Avid Amoeba@lemmy.ca · edit-2 25 days ago

It’s kind of embarrassing because I used to work as a service technician at a popular computer store in the 2000s and Memtest86+ has been a standard fare of testing. I guess outside of OC, the shorter first pass truly was enough to spot bad RAM in the vast majority of cases. Plus multichannel interactions were not nearly as prevalent in the DDR1/2/3 days. I recently installed 4 DIMMS for 128GB on an AM5 machine just to discover that the 5600 RAM only boots at 3600 in a 4-DIMM config, as per AMD’s docs. Could force it higher but without extra adjustment it can’t go beyond 4600 on this machine. Back in the day, different DIMMs, often with different chips worked in 2, 4-DIMM configs so long as they matched their JEDEC spec. backinmyday.jpg

halcyoncmdr@lemmy.world · 25 days ago

Yeah AMD’s memory controllers, especially DDR5 seem to have a lot more difficulty at high speed with 4 slots filled. I used to plan upgrades around populating 2 slots and doubling if needed a few years later, instead now you really need to plan to ignore those slots if you are needing memory performance for things like gaming versus raw capacity.

Avid Amoeba@lemmy.ca · 25 days ago

Yeah, I didn’t need 128GB, but as soon as I figured what’s going on with the 4-DIMM config, I ordered another kit to fill what I think I’d need for the lifetime of the system.

halcyoncmdr@lemmy.world · 25 days ago

Similar issues even with just 2 DIMMs with some XMP/EXPO profiles not working on AMD systems because of board/CPU limits.
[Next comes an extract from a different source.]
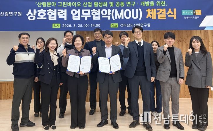 전남투데이 김용희 기자 | 전라남도산림연구원이 25일 ㈜현대바이오랜드와 산림자원을 활용한 그린바이오 산업 활성화를 위해 업무협약을 하고, 고부가가치 제품 개발과 원물의 안정적 생산체계 구축을 위한 상호 협력에 나섰다.

It should technically work, but for whatever reason it just can’t handle it and speeds need to be dropped or the timings loosened a bit even though the RMA itself is rated for that.

Not that the higher speeds are even necessary for 90% of users outside extreme overclocking. DDR5 6000 is basically where you reach diminishing returns anyway, and that’s often where that limit seems to appear.

Avid Amoeba@lemmy.ca · 25 days ago

Ugh. And as far as I’m reading, we’re hitting limits with the connectors and interconnects so the next iteration up might require some type of CAMM interface. 😔

NullPointerException@programming.dev · 24 days ago

The software should inform the user to run atleast 10 passes in the UI

zorflieg@lemmy.world · 25 days ago

This post doesn’t benefit me at all but I love how long it is.

Avid Amoeba@lemmy.ca · edit-2 25 days ago

Let me tell you about diagnosing a reproducible crash on that 5950X system after swapping the RAM with verified good modules. An issue I only discovered because I decided to warm myself using Folding@home for a couple of cold days while my building was switching the central heating on. 😂

ZeDoTelhado@lemmy.world · 25 days ago

That is some good info here. My HDD is totally fine (checked it very recently actually), as for the ram last time I checked was ok, but can check again to be sure

Avid Amoeba@lemmy.ca · 25 days ago

Check my edit.

ZeDoTelhado@lemmy.world · 25 days ago

That is some crazy story right there. I do know for a fact that memtest needs multiple passes. But in my case the machine only has 1 stick of ram (used to have 2, one died). I will probably do a memtest overnight and get at you tomorrow.

halcyoncmdr@lemmy.world · 25 days ago

(used to have 2, one died)

That would make me immediately look to the RAM as the possible source or corruption. If it used to be a matched pair and one stick died, the odds of the other being on its way out are MUCH higher than normal. I would never trust that matched stick.

ZeDoTelhado@lemmy.world · 25 days ago

Finished an all nighter memtest with a total of 12 passes. All good on the ram side

Avid Amoeba@lemmy.ca · edit-2 25 days ago

Condolences, you just switched to Ultra-Violence.

halcyoncmdr@lemmy.world · 25 days ago

Crazy, thought for sure it would fail testing.

Still wouldn’t trust it personally after a failed stick from a matched pair regardless of what the test says though.

Avid Amoeba@lemmy.ca · edit-2 25 days ago

Yeah. But it could be the board that burned it. But yeah, dead RAM is bad news, something is likely up. If I had data corruption and RAM didn’t show errors I’d begin swapping components. If the machine is cheap and swapping components would be too expensive or impractical, I’d swap the machine for another, like a cheap second hand Dell box.